Japan's trade deficit swelled to a record $112 billion in 2013, official data showed Monday, as the benefits of a cheap yen for exports were diluted by soaring post-Fukushima energy bills.
The shortfall of 11.47 trillion yen marked the biggest deficit since comparable data started in 1979, according to the finance ministry, with the December deficit alone doubling from a year earlier.
Japanese energy imports surged after the 2011 Fukushima crisis forced the shutdown of nuclear reactors that once supplied a third of the nation's power.
A sharp decline in the yen, which is good for exporters' profitability, also forced up the cost of importing pricey fossil-fuels to plug the country's energy gap.
The yen has been under pressure since Prime Minister Shinzo Abe, who took office in late 2012, launched a policy blitz that meshed government spending with a huge programme of central bank monetary easing.
The growth plan, dubbed Abenomics, is aimed at kickstarting the world's third-largest economy, which has been plagued by deflation for years.
The weak yen has boosted the bottom line at exporters such as Sony and Toyota, as the cheaper unit makes them more competitive overseas while also inflating repatriated profits.
Exports rose 9.5 percent last year to 69.79 trillion yen, their first increase in three years, backed by robust shipments of cars and electronics.

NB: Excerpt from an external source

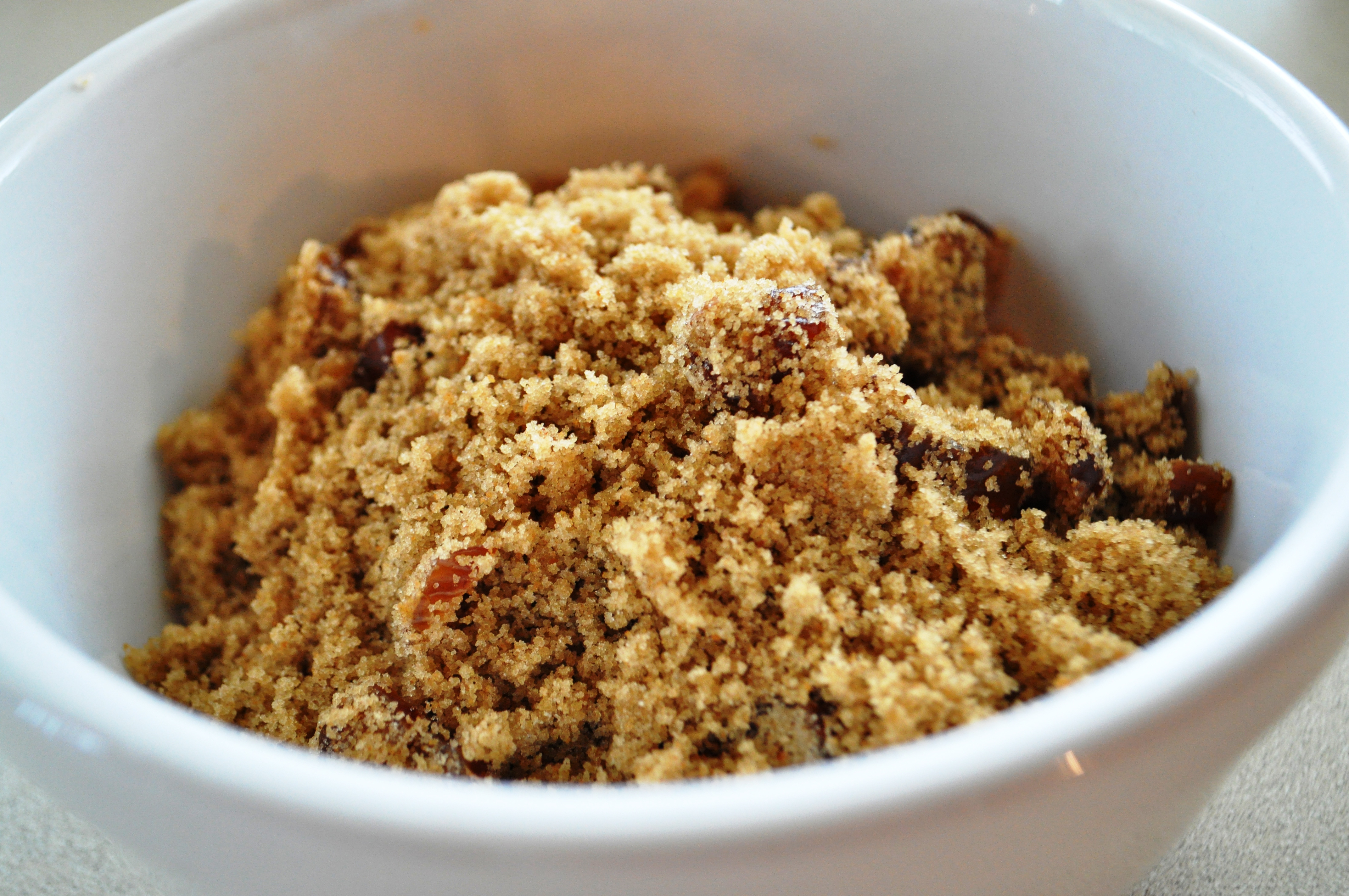 2. Make the streusel center: Mix together 1/4 cup brown sugar, 1/2 cup dates, and 1/4 tsp. ground cinnamon. Set aside.

Shipments to China rose 9.7 percent as demand recovered following a consumer boycott on Japanese brands that was linked to a Tokyo-Beijing diplomatic row, which soured already testy relations between the Asian giants.
Exports to the key US and European markets also improved.
Japan has seen a mixed bag of data recently, but the government's efforts to boost the economy appear to be taking hold.
Growth in the first half of the year outstripped other G7 nations, although that pace slowed in the third quarter, while November inflation data suggested the Bank of Japan was getting closer to its goal of reaching sustained inflation of 2.0 percent within two years.
Last week, Japan's top central banker Haruhiko Kuroda said the BoJ's monetary easing blitz was winning the war on deflation as policymakers held off announcing any fresh measures to stimulate the economy.
The decision after a two-day policy meeting was widely expected, with analysts predicting the BoJ would launch an expansion of its asset-buying plan later this year to counter the effects of an April sales tax hike.
The tax rise, seen as crucial to bringing down Japan's eye-watering national debt, has stoked fears of a damaging slowdown in consumer demand.